* _Exercise_
Output nothing but the lines from the first line of the listing below through the line containing "The cowshed has", printed exactly and free of pictures.

* _Information shown_
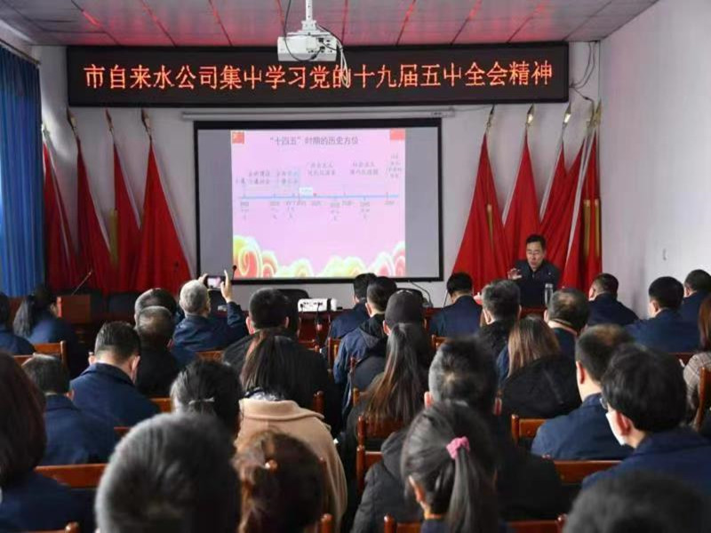 在全市興起學習貫徹黨的十九屆五中全會精神熱潮之際,11月26日下午,市自來水公司組織全體黨員集中深入學習黨的十九屆五中全會精神,邀請市委講師團副團長丁澤輝主講,確保黨中央決策部署得到不折不扣的貫徹落實。黨委書記張旭濱主持學習會議。
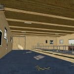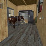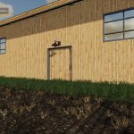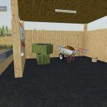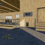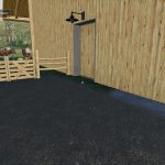 The cowshed has a milk chamber with door and sound a door for in the cowshed and one for the cowshed inside right next to it are the light switches also a small calf stand is obstructed and night light is over the doors the willow is also extended.
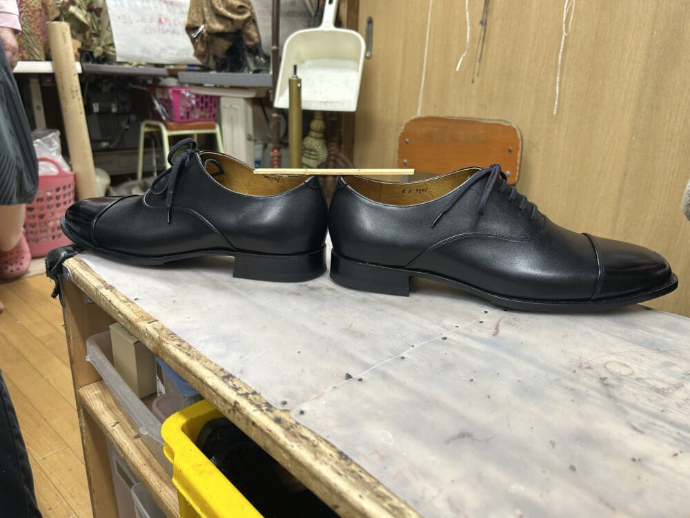 ヒールの高さ、踵の深さ、ヒールの大きさ、左右合ってます。手作り靴のチェックポイント
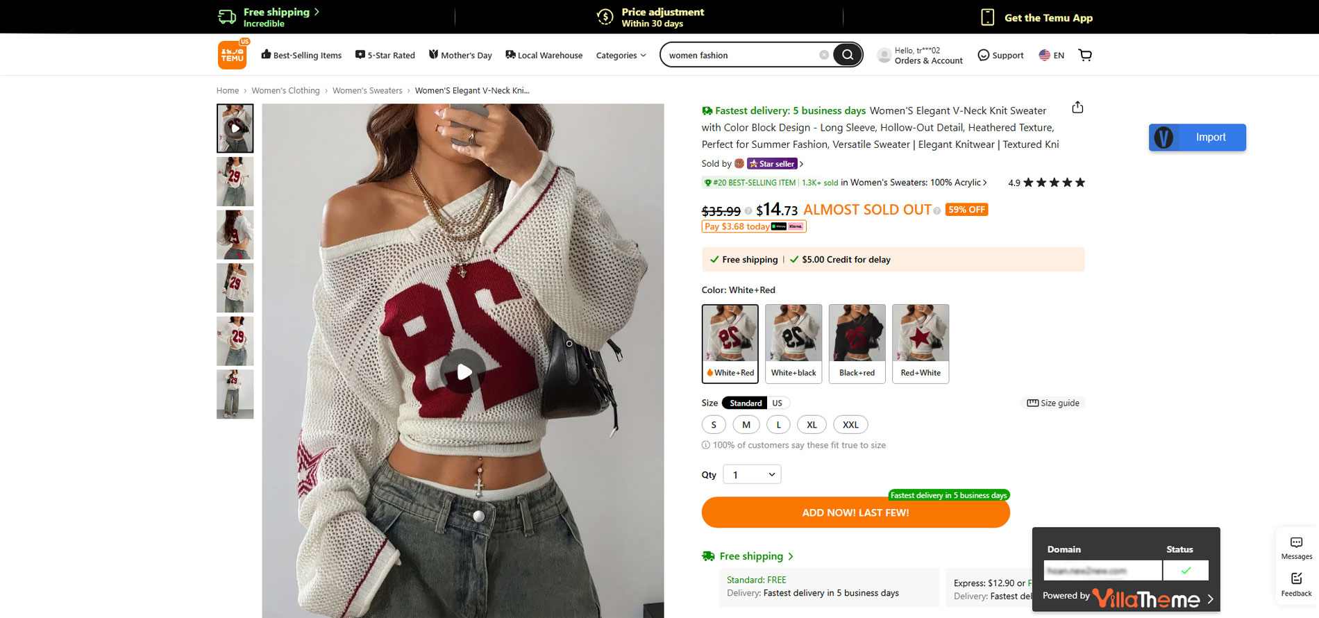 卸载Youtube指南、Youtube政策该插件显示在导入到WooCommerce商店之前要选择的Temu图像:

* _Exercise answer_
 在全市興起學習貫徹黨的十九屆五中全會精神熱潮之際,11月26日下午,市自來水公司組織全體黨員集中深入學習黨的十九屆五中全會精神,邀請市委講師團副團長丁澤輝主講,確保黨中央決策部署得到不折不扣的貫徹落實。黨委書記張旭濱主持學習會議。
 The cowshed has a milk chamber with door and sound a door for in the cowshed and one for the cowshed inside right next to it are the light switches also a small calf stand is obstructed and night light is over the doors the willow is also extended.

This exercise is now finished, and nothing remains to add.